A-6 REWARD SENSITIVITY, TEMPORAL DISCOUNTING, GENDER AND RISKY HEALTH BEHAVIORS: A FUZZY-TRACE THEORY APPROACH

Monday, October 24, 2011: 2:45 PM
Grand Ballroom EF (Hyatt Regency Chicago)
(BEC) Behavioral Economics

Candidate for the Lee B. Lusted Student Prize Competition


Evan A. Wilhelms, Priscila G. Brust, Valerie Reyna, PhD, Seth T. Pardo, MA and Wilson Sui, Cornell University, Ithaca, NY

Purpose: To examine relations among intuitive processes (i.e., gist), temporal discounting, sensation seeking (reward sensitivity), and risk-taking in health domains such as alcohol use and food choices, and interactions with gender.

Method: Adults (N=966; 67% female; 37% Minority; mean age 20.2) were surveyed anonymously. Temporal discounting questions were presented for 3 commodities (alcohol, candy bars and money), varying immediate magnitude (1 or 6) and magnitude of the commodity one month later (Which would you choose: 1 candy bar now or 3 candy bars in one month?). Discount rates were calculated for each commodity by magnitude condition. Participants also selected the gist of their decisions from five ordinal options (e.g., Now is always better than later.) and responded to the Brief Sensation Seeking Scale (BSSS). Health behaviors included alcohol use (WHO’s Alcohol Use Disorders Identification Test, AUDIT), risk-taking (Adolescent Risk Questionnaire, ARQ), and spending behavior (Spendthrift Scale).
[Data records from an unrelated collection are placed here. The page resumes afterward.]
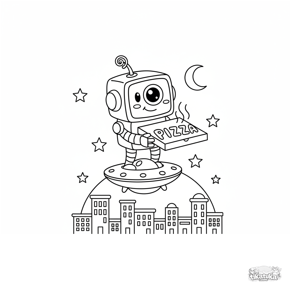 Ausmalbild für Jungen 4-6: Ein freundlicher Lieferroboter balanciert auf einer fliegenden Untertasse und trägt eine Pizzabox über einer Stadt.
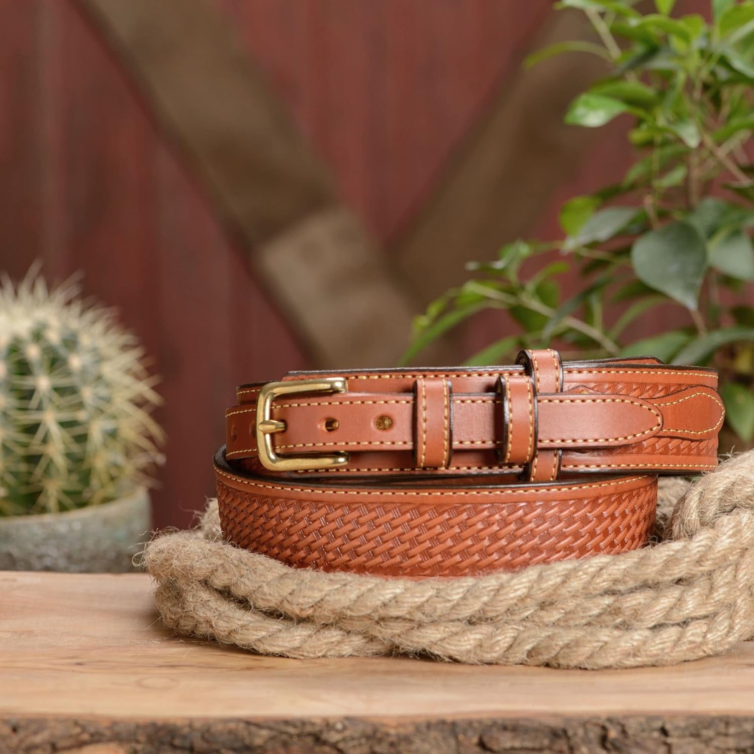 Bullhide Belts Mens Basket Weave Leather Belt, 1.5″ Wide
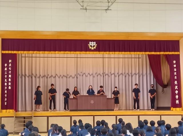 生徒会長からの生徒の皆さんの協力に対する感謝のことば、それに引き続く委員の皆さんの感謝のことば、後期への期待のことばが印象的でした。(副校長)
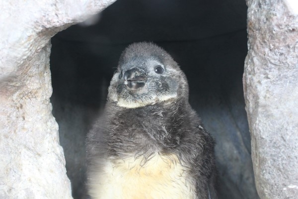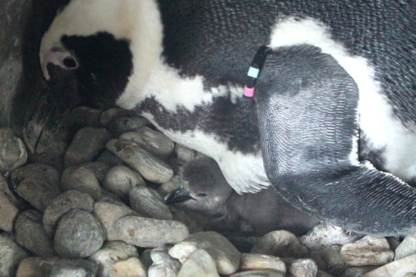 こちらは別の親子ですが、ヒナがもっと小さな頃の様子です。ケープペンギンです。掌サイズのヒナを暖めているのは、ケープのお母さん。京都水族館、冬の或日でした。
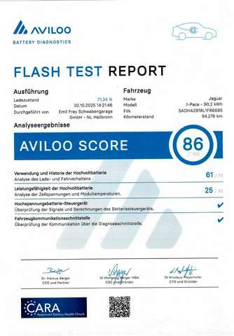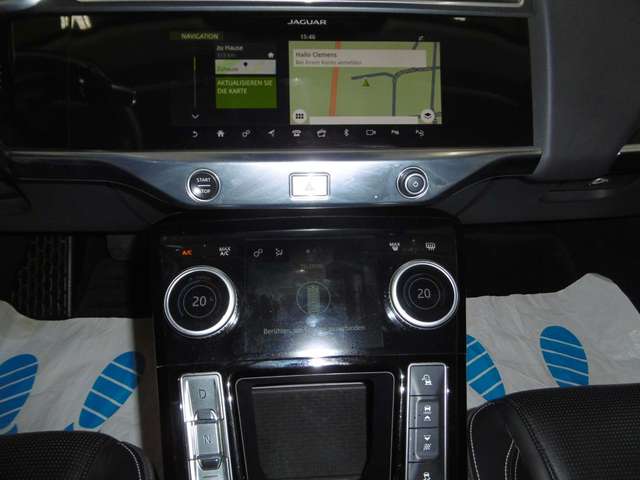 Adaptive Geschwindigkeitsregelanlage (ACC) mit Lenk-Assistent, Airbag Fahrer-/Beifahrerseite, Ambiente Interieurbeleuchtung, Antriebsart: Allradantrieb, Audio Interface (Universal-Schnittstelle für iPod / AUX / USB / MP3), Audiosystem Jaguar 140 Watt Sound-System, Ausstattungs-Paket: Totwinkel-Assistent, Außenspiegel elektr. verstell-, heiz- und anklappbar, mit Abblendautomatik, Memoryfunktion und Umfeldleuchte, Außenspiegel Wagenfarbe, Bluetooth-Schnittstelle, Bremsenergierückgewinnung, Dachhimmel Morzine in Light Oyster, Einschaltautomatik für Fahrlicht / Lichtsensor, Einstiegsblenden (Edelstahl) mit Schriftzug, Elektromotor 294 kW (cont. 172 kW, Dual-Elektromotor), Fahrassistenz-System: Adaptive Geschwindigkeitsregelanlage mit Verkehrszeichenerkennung, Fahrassistenz-System: Antriebsmomentkontrolle (Torque Vectoring), Fahrassistenz-System: Aufmerksamkeits-Assistent, Fahrassistenz-System: Autonomer Notbrems-Assistent (AEB), Fahrassistenz-System: Berganfahrhilfe (Hill-Holder), Fahrassistenz-System: Spurverlassenswarnung, Fahrassistenz-System: Verkehrszeichenerkennung, Fensterheber elektrisch vorn + hinten, Frontscheibe Verbundglas, Frontscheibe wärmedämmend, Frontstaufach / Frunk (Kofferraum, vorn), Geschwindigkeits-Regelanlage geländeabhängig (All Surface Progress Control, ASPC), Getriebe für Elektrofahrzeug, Getränkehalter hinten, Getränkehalter vorn, Heckklappenbetätigung elektrisch, Heckleuchten LED, Heckscheibe heizbar, Heckschürze, InControl Apps Mobile Online Dienste, InControl Remote Premium (Onlinedienste / Apps), InControl Touch Pro Infotainment-System (10 Zoll Farbdisplay), Infotainment-System: Pivi Pro, Innenausstattung: Dekoreinlagen Gloss Black, Innenspiegel mit Abblendautomatik, Instrumentenanzeige TFT-Infodisplay HD, JaguarVoice Sprachsteuerung, Karosserie: 5-türig, Kindersicherung elektrisch, Klimaautomatik 2-Zonen, Kopf-Airbag-System (Windowbag), Kühlergrill schwarz mit Chromeinfassung, matt, Ladekabel mit Typ 2-Stecker (Mode 3), Ladevorrichtung On-Board-Lader, Lenkrad (Sport/Leder), Leseleuchten im Fond, Leuchtweitenregelung automatisch, Lichtassistent (Coming Home, Leaving Home), LM-Felgen, Make-up-Spiegel im Fond beleuchtet, Mittelarmlehne hinten, Nebelschlussleuchte integriert, Nichtraucher-Paket, Parkbremse elektronisch (EPB), Radioempfang digital (DAB+), Radstand 2990 mm, Reifendruck-Kontrollsystem, Rückfahrkamera, Rücksitzlehne geteilt/klappbar, Scheibenrahmen Chrom, Scheinwerfer LED mit LED-Signatur, Seitenairbag vorn, Seitenscheiben hinten Verbundglas, Service-System: Amazon Alexa, Smartphone Schnittstelle (Apple CarPlay & Android Auto), Smog-Sensor / Luftgütesensor, Sportsitze Leder, Standheizung mit Fernbedienung und Zeitschaltuhr (Timer), Taschenhaken im Gepäckraum, Verzurrösen Koffer-/Laderaum, Warnanlage für Sicherheitsgurte
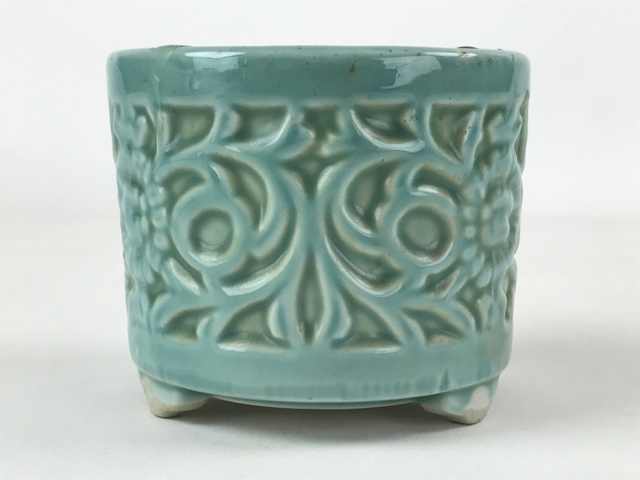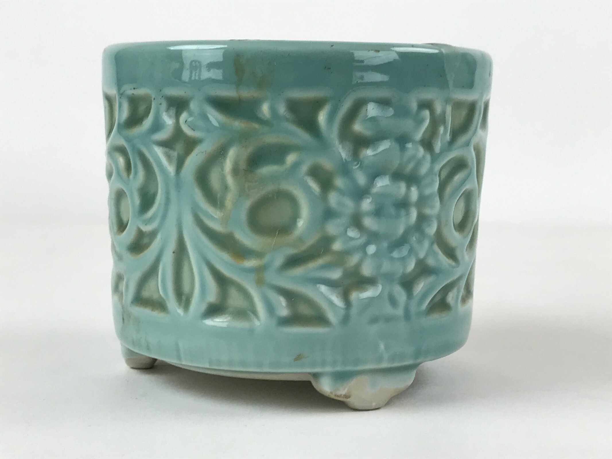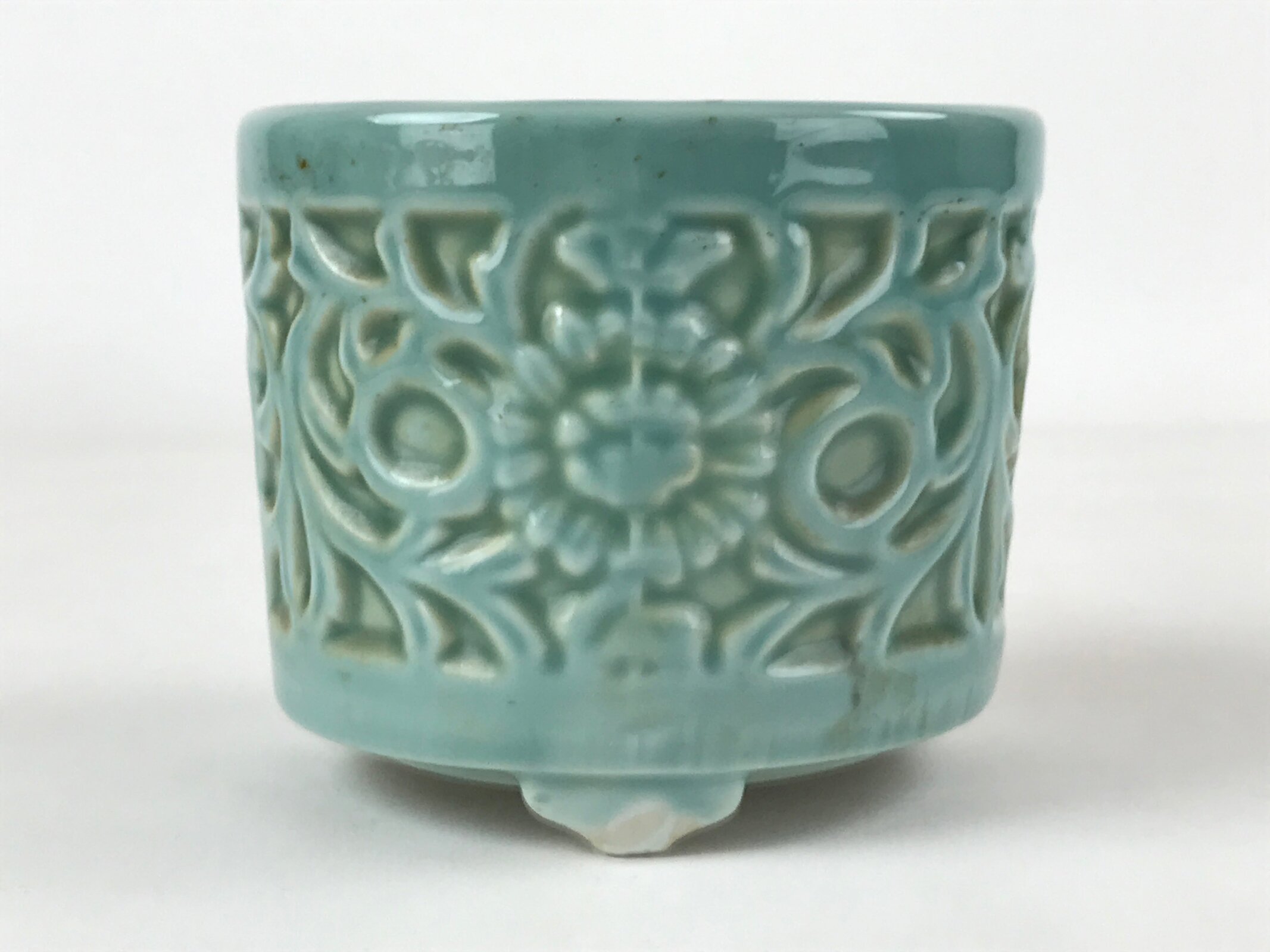 This item is a vintage porcelain incense burner (koro) made for use as an altar fitting in a Japanese Buddhist altar. It has a light green glaze with a floral and vine design. This type of burner is used for burning incense powder or sticks.
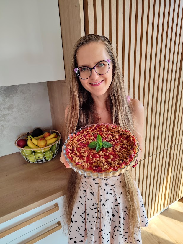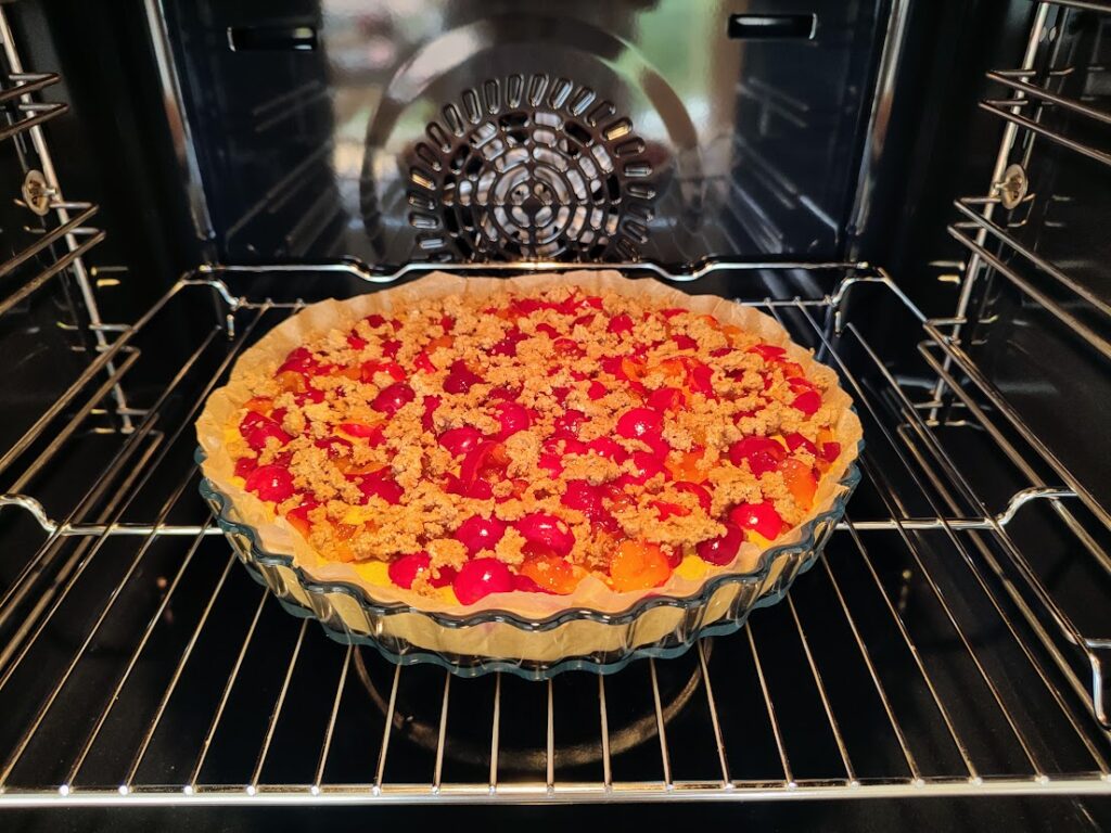 Já použila pro pečení koláčovou formu ze skla. Pokud máte také takovou, tak nepředehřívejte troubu, ať sklu nezpůsobíte teplotní šok a nerozletí se. 🫣 Dávám formu s koláčem normálně do nerozpálené trouby, aby se forma postupně zahřála. Koláč tím nepokazíte, nebojte se.
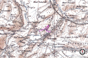 Appia tracciato Vallone del Reale a Venosa Distanza con altitudini: Km 4,350 Salita accumulata: m 481 Altitudine massima: m 423 Difficoltà: da moderato a facile Attività: escursionismo, visite guidate Valutazione: bello Terreno: strada lastricata e asfaltata (area urbana), strada sterrata e in parte selciata, fango in alcuni tratti, in alcuni tratti attraversa proprietà privata, equipaggiamento necessario. |

Result: In a regression using gist, discounting, sensation seeking, and gender as predictors of risky behaviors, discounting and gender were not significant by themselves, but discounting interacted with gender. Moreover, gist explained unique variance beyond other predictors. Specifically, health behaviors (AUDIT and ARQ) correlated with alcohol discount rates among males, whereas these behaviors correlated with candy discount rates among females.  Similarly, alcohol gist correlated with males’ risky behaviors, whereas candy gist correlated with females’ risky behaviors.  Discounting and reward sensitivity also predicted beyond their domains (e.g., alcohol predicted spending).

Conclusion: Consistent with Fuzzy-Trace Theory, unhealthy risk-taking behaviors were predicted by both reward sensitivity (sensation seeking) and information processing based on gist, each accounting for unique variance in health behaviors. In addition, there was a gender-specific effect in which alcohol predicted better for men, but candy bars predicted better for women. These results are consistent with a theoretical mechanism in which the perception of the gist of choices, as well as individual and group differences in reward salience, each account for unique variance in predicting risk taking and unhealthy choices.  Implications for public health messages and medical decision making will be discussed.